Cyber Incident Victim: Stockman Bank

On or around May 30th and May 31st of 2023, a data security incident impacted Stockman Bank, a financial services institution based at 1405 Grand Ave, Billings, Montana. The breach was not discovered by the bank until August 4th, 2023, indicating a period of approximately two months between the initial compromise and its detection. The nature of the event was identified as a third-party breach, meaning the compromise did not occur within Stockman Bank's own internal systems but rather within the infrastructure of an external partner or service provider. The specific third party involved was not named in the breach notification.

The unauthorized actor or actors involved in this incident successfully acquired sensitive personal information. The information accessed was of a highly sensitive nature, consisting of the names or other personal identifiers of affected individuals in combination with their Social Security Numbers. This specific type of data combination is particularly valuable for malicious purposes, such as identity theft and financial fraud, due to its use in verifying an individual's identity for credit applications and other sensitive transactions.
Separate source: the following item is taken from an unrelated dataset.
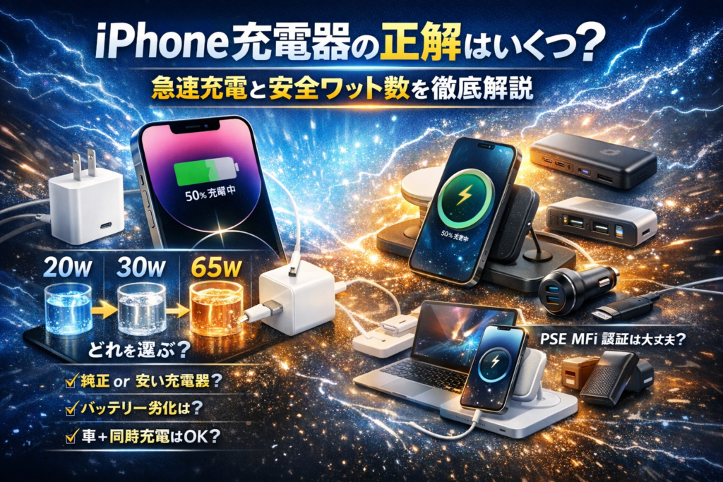 この記事では、iPhone14やSE第3世代を含む各機種が対応する急速充電とワイヤレス充電の上限を前提に、20W・30W・65Wのどれを選ぶかをシーン別に決める設計方法、iPadやMacBookとの同時充電の考え方、バッテリー劣化を招くNGな使い方の線引きを具体的に示します。さらに、Apple純正とAnkerなどサードパーティ製のリアルな違い、PSEとMFi認証で危険な充電器を排除する基準、自宅・外出・車での最小構成までまとめています。

The total number of individuals affected by this breach was 5,115. This figure includes individuals from across the United States. Of that total, four were identified as residents of the state of Maine. Because the number of affected Maine residents was well below the 1,000-person threshold that triggers a requirement to notify consumer reporting agencies, such a notification was not made in this instance. The breach notification was submitted to the Maine Attorney General's office by outside counsel representing Stockman Bank, specifically Marcus McCutcheon of the law firm Baker & Hostetler, LLP.

Following the discovery of the incident on August 4th, Stockman Bank initiated its response protocol. The primary response action was to provide notification to all affected individuals. This notification was carried out in written form, with the letters being dispatched to the 5,115 victims on August 7th, 2023. This swift three-day period between discovery and notification suggests a pre-planned incident response procedure was activated. The notification letters included a detailed explanation of the incident and the types of personal information that had been exposed.

In addition to informing individuals of the breach, Stockman Bank also took steps to provide protective measures to help mitigate the potential harm caused by the exposure of Social Security Numbers. The bank offered affected persons complimentary identity theft protection services. These services were provided by the firm Kroll, a well-known provider of risk and financial advisory solutions. The offered services were comprehensive, including credit monitoring to alert individuals to new lines of credit opened in their name, fraud consultation to provide expert guidance should any suspicious activity occur, and identity theft restoration services to assist victims in recovering their identities and repairing their credit should they fall victim to fraud. This protection was offered for a duration of one year from the date of the notification.

The submission of the breach notification to the Maine Attorney General's office included a copy of the sample letter that was sent to the four affected Maine residents, providing transparency into the communication process. The incident, occurring in late May but discovered in early August, highlights the challenges organizations face in detecting compromises, especially those stemming from third-party vendors where visibility into system activity may be limited. The compromise of Social Security Numbers represents a significant risk to the affected individuals, necessitating the offering of robust protective services to help safeguard their financial identities. The response was characterized by a formal notification process managed through legal counsel and the provision of a standardized set of mitigation services to all victims.